Given data section start
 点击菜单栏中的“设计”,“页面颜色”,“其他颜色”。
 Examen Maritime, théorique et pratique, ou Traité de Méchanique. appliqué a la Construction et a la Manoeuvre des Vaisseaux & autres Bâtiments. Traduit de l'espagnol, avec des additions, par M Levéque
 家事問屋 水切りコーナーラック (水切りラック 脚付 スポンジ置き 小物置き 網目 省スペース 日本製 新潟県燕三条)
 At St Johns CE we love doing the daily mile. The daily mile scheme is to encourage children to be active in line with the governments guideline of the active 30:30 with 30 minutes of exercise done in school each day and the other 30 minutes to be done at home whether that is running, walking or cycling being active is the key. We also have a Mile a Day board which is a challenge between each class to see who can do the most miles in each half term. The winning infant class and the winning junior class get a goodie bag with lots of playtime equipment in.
Given data section end
Given data section start
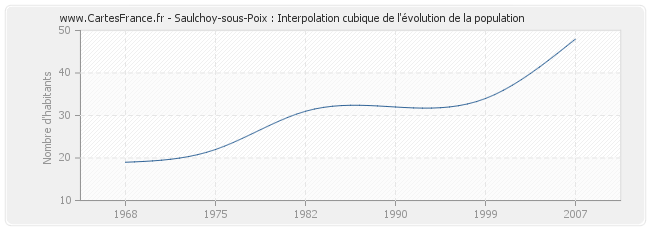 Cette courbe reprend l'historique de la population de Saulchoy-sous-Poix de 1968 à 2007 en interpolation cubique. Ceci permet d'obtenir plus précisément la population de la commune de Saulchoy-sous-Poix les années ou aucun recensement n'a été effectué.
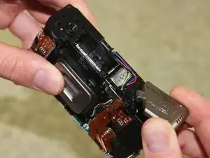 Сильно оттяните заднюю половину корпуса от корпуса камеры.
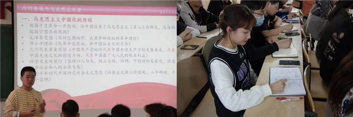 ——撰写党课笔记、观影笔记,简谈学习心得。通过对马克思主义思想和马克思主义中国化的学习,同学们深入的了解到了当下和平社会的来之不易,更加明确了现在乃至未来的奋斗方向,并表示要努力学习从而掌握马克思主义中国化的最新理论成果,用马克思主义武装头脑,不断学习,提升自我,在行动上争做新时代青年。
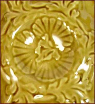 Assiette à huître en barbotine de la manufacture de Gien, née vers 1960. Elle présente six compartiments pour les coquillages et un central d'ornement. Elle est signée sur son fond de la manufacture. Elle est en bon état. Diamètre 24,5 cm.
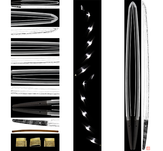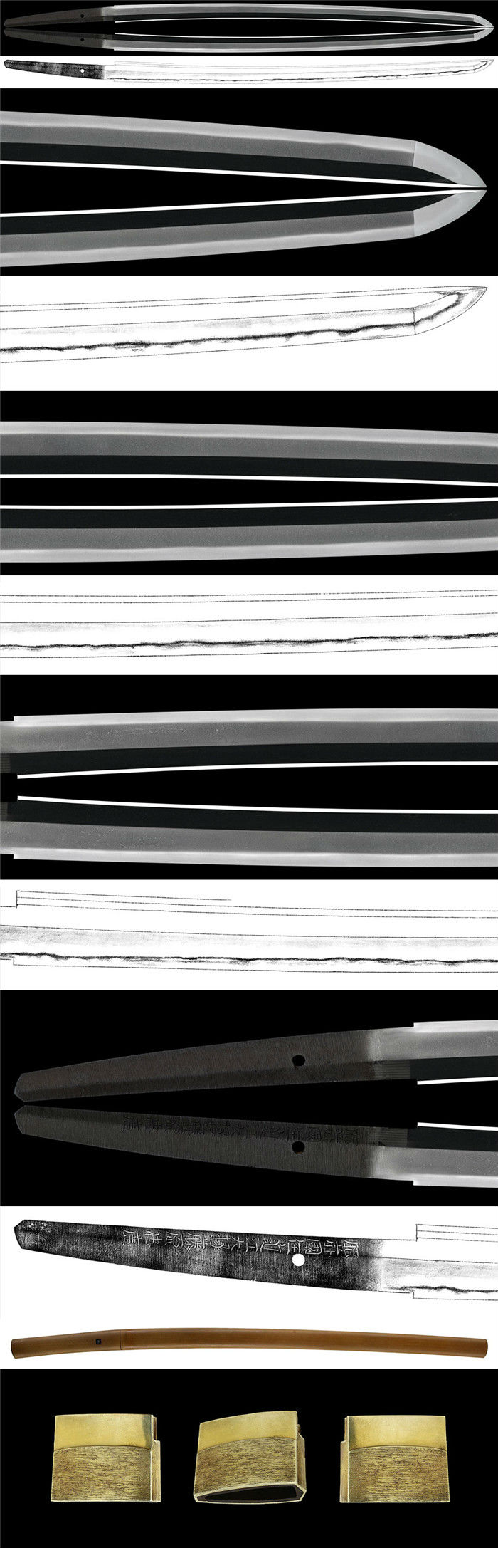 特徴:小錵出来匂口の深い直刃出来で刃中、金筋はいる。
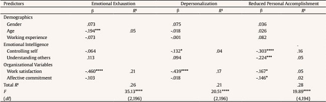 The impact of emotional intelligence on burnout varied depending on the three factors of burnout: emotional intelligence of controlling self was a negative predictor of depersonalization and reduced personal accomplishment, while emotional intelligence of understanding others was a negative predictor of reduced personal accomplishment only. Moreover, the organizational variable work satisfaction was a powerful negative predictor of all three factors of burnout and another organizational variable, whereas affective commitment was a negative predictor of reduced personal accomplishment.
Given data section end
Although pictures appear among the records above, none are to be output; print exactly the lines from the line containing "Сильно оттяните заднюю" through the line containing "The impact of".

 Сильно оттяните заднюю половину корпуса от корпуса камеры.
 ——撰写党课笔记、观影笔记,简谈学习心得。通过对马克思主义思想和马克思主义中国化的学习,同学们深入的了解到了当下和平社会的来之不易,更加明确了现在乃至未来的奋斗方向,并表示要努力学习从而掌握马克思主义中国化的最新理论成果,用马克思主义武装头脑,不断学习,提升自我,在行动上争做新时代青年。
 Assiette à huître en barbotine de la manufacture de Gien, née vers 1960. Elle présente six compartiments pour les coquillages et un central d'ornement. Elle est signée sur son fond de la manufacture. Elle est en bon état. Diamètre 24,5 cm.
 特徴:小錵出来匂口の深い直刃出来で刃中、金筋はいる。
 The impact of emotional intelligence on burnout varied depending on the three factors of burnout: emotional intelligence of controlling self was a negative predictor of depersonalization and reduced personal accomplishment, while emotional intelligence of understanding others was a negative predictor of reduced personal accomplishment only. Moreover, the organizational variable work satisfaction was a powerful negative predictor of all three factors of burnout and another organizational variable, whereas affective commitment was a negative predictor of reduced personal accomplishment.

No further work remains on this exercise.